Give back all of the data exactly, with every picture omitted.

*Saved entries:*
★ ★ ★ ★ ★
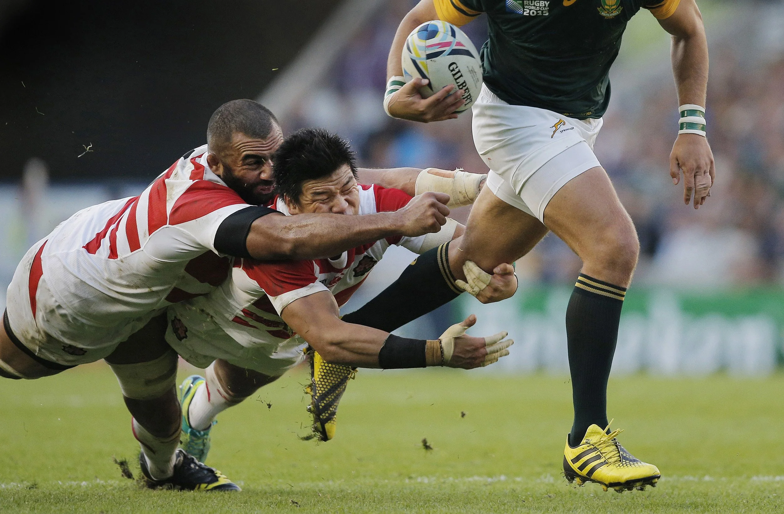 Michael Leitch and Fumiaki Tanaka of Japan attempt to stop Handre Pollard during the South Africa v Japan Pool B Rugby World Cup match at Brighton Community Stadium. Brighton, September 2015
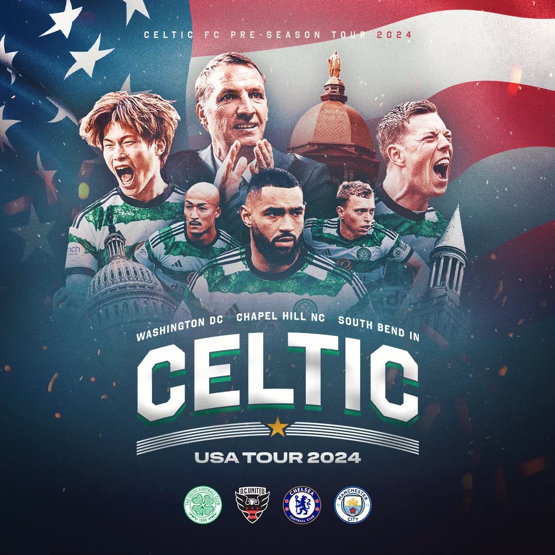 Celtic yesterday confirmed the final pair of the 2024 USA Tour opponents this summer. First, the Bhoys go head to head with Manchester City in Chapel Hill, North Carolina on Tuesday, 23 July.
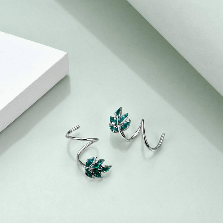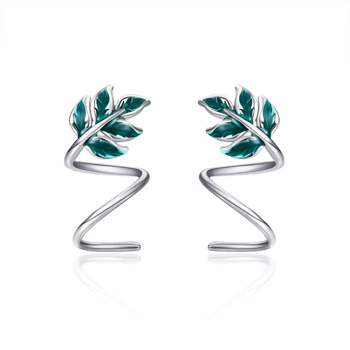 These climber earrings are crafted from high-quality sterling silver with white gold plating. They feature a stone-free intricate leaf motif.
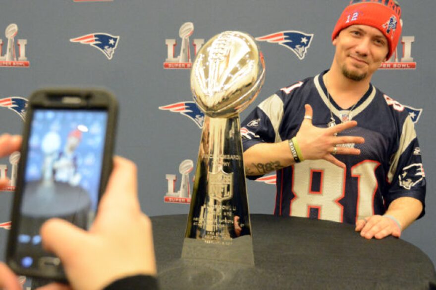 Hurlburt regained his composure afterward, saying he had come because his father was a longtime New England fan. The young Hurlburt also wanted to get a picture of the trophy for one of his teachers, he said.
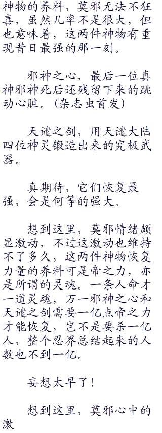 想到这里,莫邪情绪颇显激动,不过这激动也维持不了多久,这两件神物恢复力量的养料可是帝之力,亦是所谓的灵魂。一条人命才一道灵魂,万一邪神之心和天谴之剑需要一亿点帝之力才能恢复,岂不是要杀一亿人,整个忍界总结起来的人数也不到一亿。
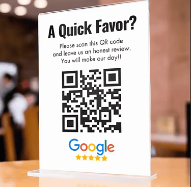 A sign with a QR code or optional Google Review "Tap" Cards or Stands
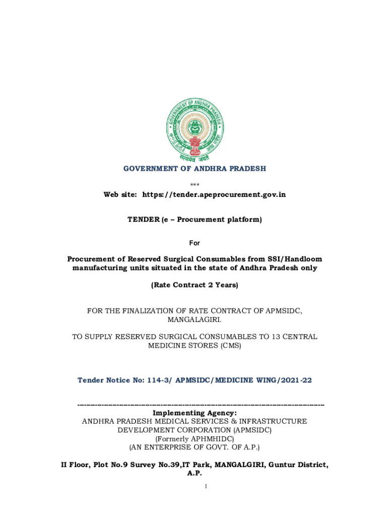Procurement of Reserved Surgical Consumables from SSI/Hand loom
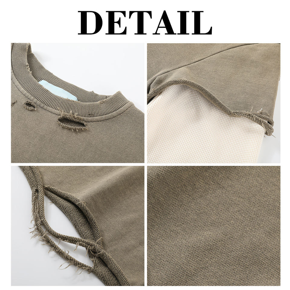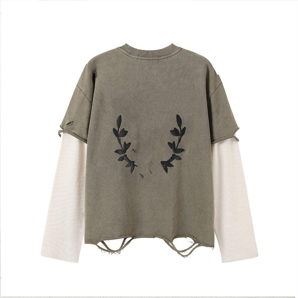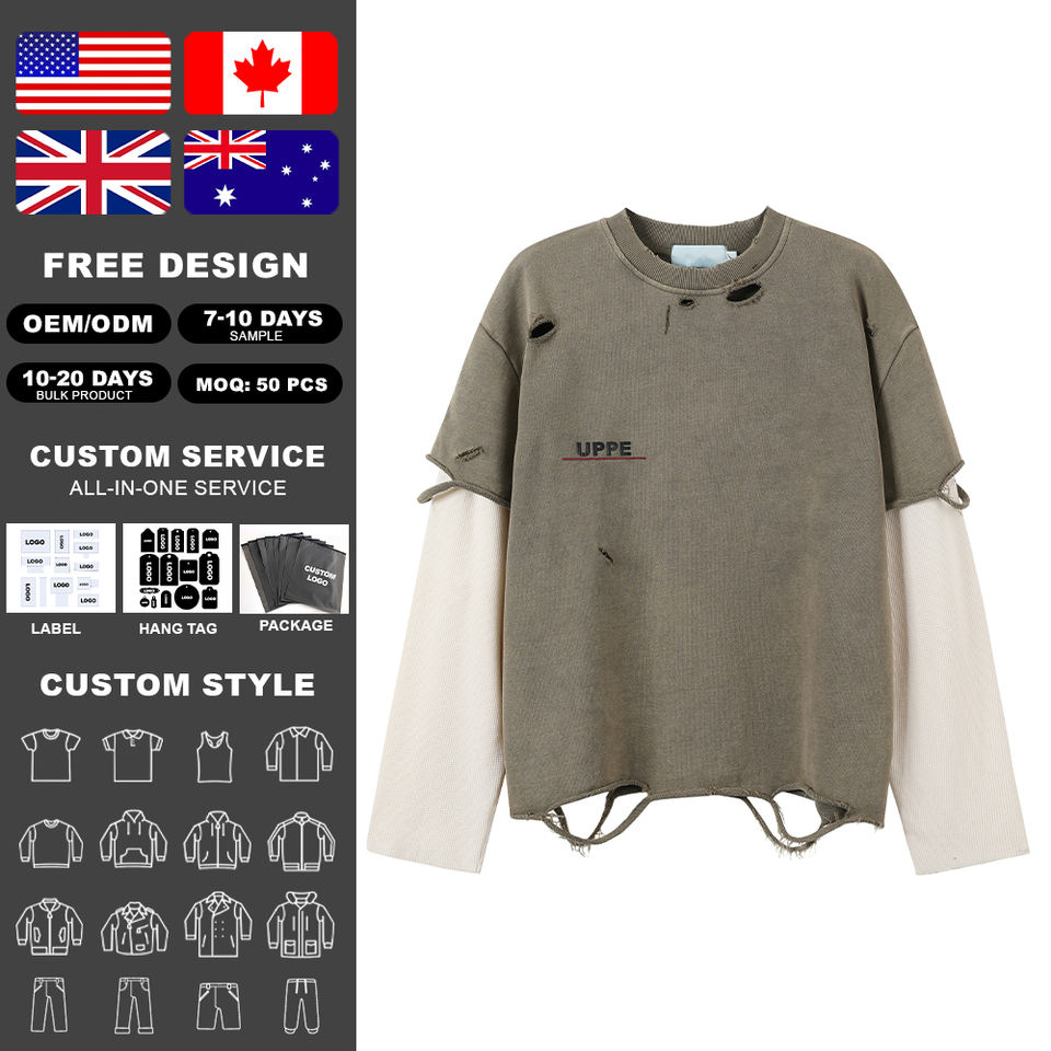 เสื้อยืดคอกลมแขนยาวสองชั้นผ้าฝ้ายแท้ 100% คุณภาพสูงจาก KingSen ดีไซน์ขาดๆ แบบดิสเทรส ตัดเย็บด้วยวัสดุเป็นมิตรต่อสิ่งแวดล้อม ไม่ยับง่าย สไตล์ฮิป
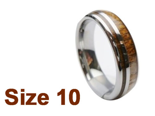 (Size 10) 6mm Koa Wood Inlay Curved Top Tungsten Ring
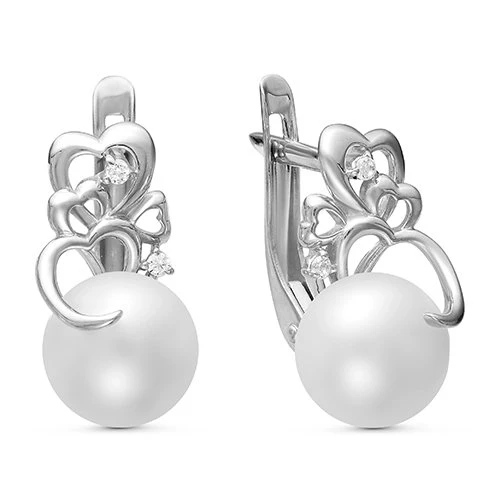 Серьги из белого золота с белыми речными жемчужинами 7,5-8 мм, (7586)
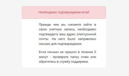 После регистрации появиться окно, где будет сказано о то, что перед входом в аккаунт нужно подтвердить адрес электронной почты.
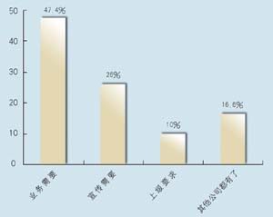 在問到對CRM的熟悉程度方面,有12家表示熟悉,占到63.2%,另有7家表示不熟悉,說明許多企業(yè)已經(jīng)對CRM有一定了解,不過也仍有相當(dāng)大的市場空間。其中有8家建立了CRM系統(tǒng),占到42%,計(jì)劃建立的有9家,占到47.4%,而有2家表示短期不會建立。從調(diào)查發(fā)現(xiàn),幾乎所有受訪者都接受和認(rèn)同CRM,盡管有一些企業(yè)還不熟悉,但在調(diào)查問卷中對此表現(xiàn)出極大的興趣。在CRM的采購動機(jī)上,有9家表示是為了提高業(yè)務(wù),占到將近一半的比例(47.4%),而有5家表示出于企業(yè)宣傳,2家屬于上級主管部門要求,有3家表示是出于同行的示范。調(diào)查顯示,企業(yè)獲得CRM的信息來源很廣,最多的是通過報(bào)刊雜志的廣告,有6家,占31.6%,而上級推薦和供應(yīng)商推薦各有4家,各占21%,有兩家是集成商推薦,此外還有3家通過展會獲得相關(guān)信息。
★ ★ ★ ★ ★
*ANSWER SPACE:*
 Michael Leitch and Fumiaki Tanaka of Japan attempt to stop Handre Pollard during the South Africa v Japan Pool B Rugby World Cup match at Brighton Community Stadium. Brighton, September 2015
 Celtic yesterday confirmed the final pair of the 2024 USA Tour opponents this summer. First, the Bhoys go head to head with Manchester City in Chapel Hill, North Carolina on Tuesday, 23 July.
 These climber earrings are crafted from high-quality sterling silver with white gold plating. They feature a stone-free intricate leaf motif.
 Hurlburt regained his composure afterward, saying he had come because his father was a longtime New England fan. The young Hurlburt also wanted to get a picture of the trophy for one of his teachers, he said.
 想到这里,莫邪情绪颇显激动,不过这激动也维持不了多久,这两件神物恢复力量的养料可是帝之力,亦是所谓的灵魂。一条人命才一道灵魂,万一邪神之心和天谴之剑需要一亿点帝之力才能恢复,岂不是要杀一亿人,整个忍界总结起来的人数也不到一亿。
 A sign with a QR code or optional Google Review "Tap" Cards or Stands
Procurement of Reserved Surgical Consumables from SSI/Hand loom
 เสื้อยืดคอกลมแขนยาวสองชั้นผ้าฝ้ายแท้ 100% คุณภาพสูงจาก KingSen ดีไซน์ขาดๆ แบบดิสเทรส ตัดเย็บด้วยวัสดุเป็นมิตรต่อสิ่งแวดล้อม ไม่ยับง่าย สไตล์ฮิป
 (Size 10) 6mm Koa Wood Inlay Curved Top Tungsten Ring
 Серьги из белого золота с белыми речными жемчужинами 7,5-8 мм, (7586)
 После регистрации появиться окно, где будет сказано о то, что перед входом в аккаунт нужно подтвердить адрес электронной почты.
 在問到對CRM的熟悉程度方面,有12家表示熟悉,占到63.2%,另有7家表示不熟悉,說明許多企業(yè)已經(jīng)對CRM有一定了解,不過也仍有相當(dāng)大的市場空間。其中有8家建立了CRM系統(tǒng),占到42%,計(jì)劃建立的有9家,占到47.4%,而有2家表示短期不會建立。從調(diào)查發(fā)現(xiàn),幾乎所有受訪者都接受和認(rèn)同CRM,盡管有一些企業(yè)還不熟悉,但在調(diào)查問卷中對此表現(xiàn)出極大的興趣。在CRM的采購動機(jī)上,有9家表示是為了提高業(yè)務(wù),占到將近一半的比例(47.4%),而有5家表示出于企業(yè)宣傳,2家屬于上級主管部門要求,有3家表示是出于同行的示范。調(diào)查顯示,企業(yè)獲得CRM的信息來源很廣,最多的是通過報(bào)刊雜志的廣告,有6家,占31.6%,而上級推薦和供應(yīng)商推薦各有4家,各占21%,有兩家是集成商推薦,此外還有3家通過展會獲得相關(guān)信息。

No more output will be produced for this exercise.